As Ravens spokesman Kevin Byrne told Esquire magazine for an article on the Ravens-Titans rivalry, then-coach Brian Billick took a copy of that SI into the postgame celebration in the locker room. "Brian comes storming in, holds up the magazine, and says to the guys: 'Here it is guys, the NFL's best team,'" Byrne told Esquire. "'Well, maybe they are.' And then he paused and finished, 'But not today!'"
If the SI cover effect isn't voodoo and curses, what could account for the 37 percent of unfortunates?
A sports psychiatrist, who asked that his name not be used because of his work with professional athletes, said that getting on the SI cover can add the pressure of heightened expectations to the next game. Though previously a player might have been able to play under the radar, suddenly he or she is the person whose face is on millions of copies of the country's premier sports magazine.
"They're held to a higher standard because they've achieved at a higher level," he said.
But what sets apart the great players is an ability to manage pressure, the psychiatrist added.
"The best athletes really do see pressure as nothing more than energy," he said. "Instead of trying to block it, they feed off of it.
"They approach the games thinking, 'This is what I was meant to do, to play the biggest games,'" he said. "I think [Flacco] and his teammates are going to embrace this pressure and channel it into a focused performance."
This is Flacco's second time on the SI cover; the Sept. 19, 2011, issue featured a photo of him having handed off the ball to a charging Ray Rice. The headline: "Baltimore thumps the Steelers. Any questions? Raven Strong."
Well, one question does comes to mind: How did the Ravens do in their next game?
C. Shane Reese, a statistics professor at Brigham Young University — where, coincidentally, he once taught Ravens tight end Dennis Pitta — thinks the SI effect is more likely a manifestation of that old adage: What goes up must eventually come down.
Or, as statisticians call it, "regression to the mean," he said. Whatever a player or team's level of play, they likely have exceeded it to get on the SI cover, and what seems like a jinx is really just the natural reversion to their normal abilities, Reese said.
"It's akin to what people call the sophomore slump," said Reese, who chairs the sports section of the American Statistical Association. "They had a great season; when they're on the cover, they're at the tail end of it."
It is even harder to convince statisticians of the so-called "Madden NFL" curse, in which players featured on the cover of annual editions of the video game went on to suffer injuries and other problems. Ray Lewis, on the cover of "Madden 2005," had his first season without an interception and missed the final game of the season with an injured wrist.

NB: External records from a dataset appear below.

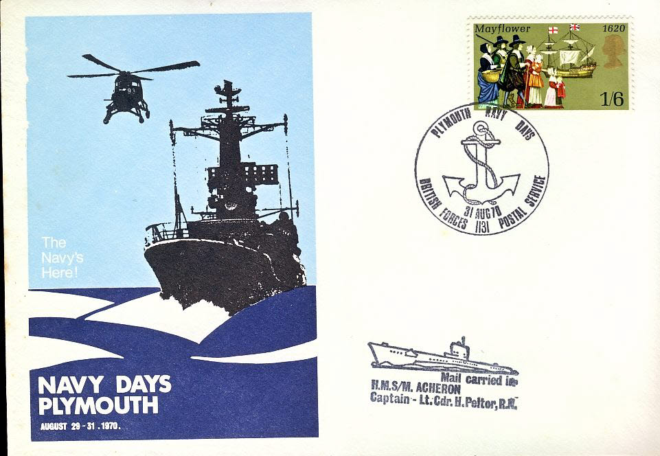 Navy Days PLYMOUTH mail carried Submarine HMS ACHERON Lt.Cdr.H.Peltor R.N. Commemorative stamp cover BFPO 1131 refD210
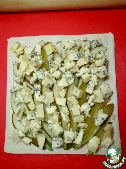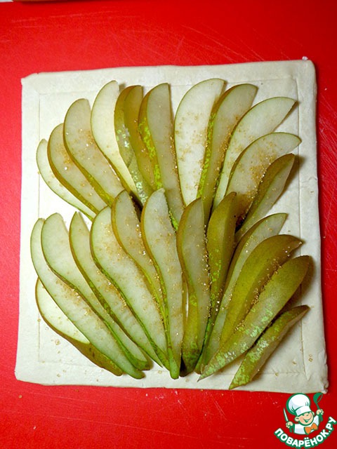 Груши режем тонкими пластинками. У меня они были ооочень маленькие, потому так много, а если среднего размера, то хватит пары штук.
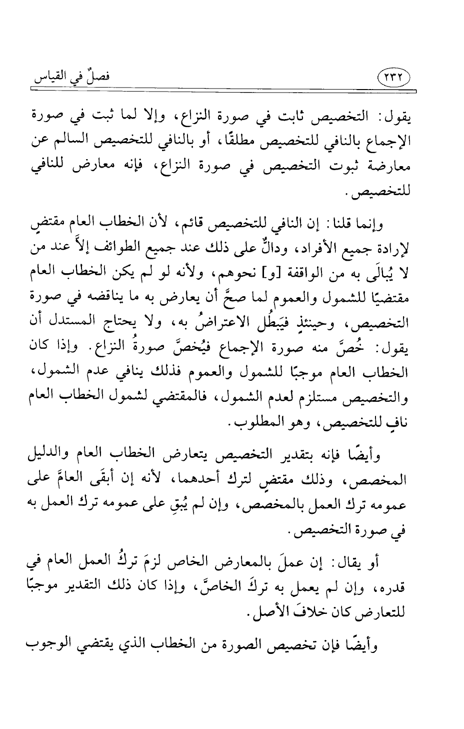 وإنما قلنا إن النافي للتخصيص قائم لأن الخطاب العام مقتضٍ لإرادة جميع الأفراد ودالٌّ على ذلك عند جميع الطوائف إلاَّ عند من لا يُبالَى به من الواقفة و نحوهم ولأنه لو لم يكن الخطاب العام مقتضيًا للشمول والعموم لما صحَّ أن يعارض به ما يناقضه في صورة التخصيص وحينئذٍ فيَبطُل الاعتراضُ به ولا يحتاج المستدل أن يقول خُصَّ منه صورة الإجماع فيُخصَّ صورةُ النزاع وإذا كان الخطاب العام موجبًا للشمول والعموم فذلك ينافي عدم الشمول والتخصيص مستلزم لعدم الشمول فالمقتضي لشمول الخطاب العام نافٍ للتخصيص وهو المطلوب
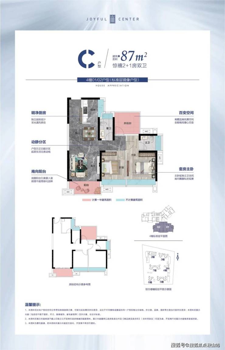 户型方面,也是开发商的一大卖点,在售户型有79、87、93、95、110㎡(3-4房),2梯4户设计,实用率极高,实际得房率超过95%,接近0公摊,全城仅此一处。户户朝南,通风采光俱佳,超级跨张,室内每一个空间都有赠送面积,再挑踢的眼光这里都能满足您。

But Reese said that too few players have been on a "Madden" cover — the game began featuring one a year in 1999 — to discern any pattern.
"The problem of a small sample size," he said, "is notorious in statistics."
Glickman, the Boston statistician, said Ravens fans need not fear the curse. If he were trying to predict the outcome of Sunday's game, he would look at more conventional statistics — previous match-ups, each team's regular-season results, recent trajectories, which players are injured and a host of other factors.
But even that wouldn't be able to capture the complexity of factors that will figure into the game, he said.
"It's very hard to come up with something comprehensive enough," Glickman said of trying to predict game outcomes. "The Ravens beating the Broncos — no one thought that would happen."